Mount Lyell Mining and Railway Company was an Australian mining company formed on 29 March 1893, based in Queenstown, Tasmania. In the early 1890s, the Mount Lyell mining operations produced more than a million tonnes of copper, 750 tonnes of silver and 45 tonnes of gold.
On 12 October 1912, somebody reported the pump house on the mine’s 700-foot (210 m) level was on fire. As the mine lacked an emergency warning system, of the 170 miners working there, 73 managed to escape that first day. However, many others were trapped, and 42 miners died.
One of the miners, Albert Gadd, who escaped death and then re-entered the mine to rescue his colleagues, was hospitalised in Launceston and died on 20 February 1913 from carbon monoxide poisoning. Gadd was regarded as the 43rd victim of the mining tragedy. He was posthumously awarded the Clarke Gold Medal from the Royal Humane Society in Melbourne.

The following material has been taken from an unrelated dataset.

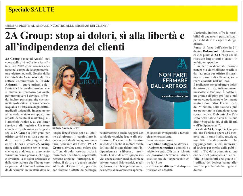 2A Group nasce ad Amalfi, nel cuore della divina Costiera Amalfitana, nel 2009, come azienda operante nel campo delle apparecchiature elettromedicali. Gestita dalla Ceo Stefania Anastasio e dal Direttore Commerciale F. Davide Arianna, il cuore pulsante dell’azienda è la rete di consulenti che si muove sul territorio nazionale per promuovere i devices, offrendo, inoltre, prove gratuite che permettono di testare in prima persona la qualità e l’efficacia degli elettromedicali aziendali. Internamente all’azienda, è stato sviluppato un reparto dedicato al marketing, all’amministrazione, al customer service e alla logistica. Un team completo e professionale che gestisce la 2A Group a 360° gradi per offrire servizi su misura e per andare incontro alle esigenze dei clienti. L’idea di creare 2A Group nasce dalla passione per le tematiche legate al dolore, un argomento vissuto in prima persona, che oggi è diventata la mission aziendale e dalla convinzione che l’home care rappresenti il futuro nel nostro modo di “curarci” in un’Italia dove le lunghe liste d’attesa sono all’ordine del giorno, in particolare in questo periodo di emergenza sanitaria derivante dal Covid-19. 2A Group si rivolge a tutti coloro che soffrono di dolori osteoarticolari, muscolari e tendinei, soprattutto persone anziane. Purtroppo, talvolta, il dolore riguarda anche adulti dai 45 anni in su, persone con fratture o affette da patologie neuromotorie o anche soggetti con patologie croniche legate alla professione. Da sempre la mission aziendale nonchè il motore vitale dell’attività è stata ridare loro l’indipendenza e la libertà di movimento. L’azienda offre i propri servizi anche a centri medici, cliniche private, centri fisioterapici, medici, farmacie e liberi professionisti desiderosi di lavorare con apparecchiature all’avanguardia e tecnologicamente avanzate.

Twelve months after the tragedy, Gold Mines of Australia took over Mount Lyell. Still, low copper prices made the operation unsustainable—the first of many that led to the closure. In 2022, Guy Barnett, Minister for State Development, Construction and Housing announced that “the Mt Lyell copper mine was back to life after an eight-year hiatus. To help get the mine going again, we will now provide almost $2.3 million in grant funding to Copper Mines of Tasmania, the owner of the Mt Lyell Mine, to help protect and improve the mine’s valuable infrastructure and help pave the way for a re-start”.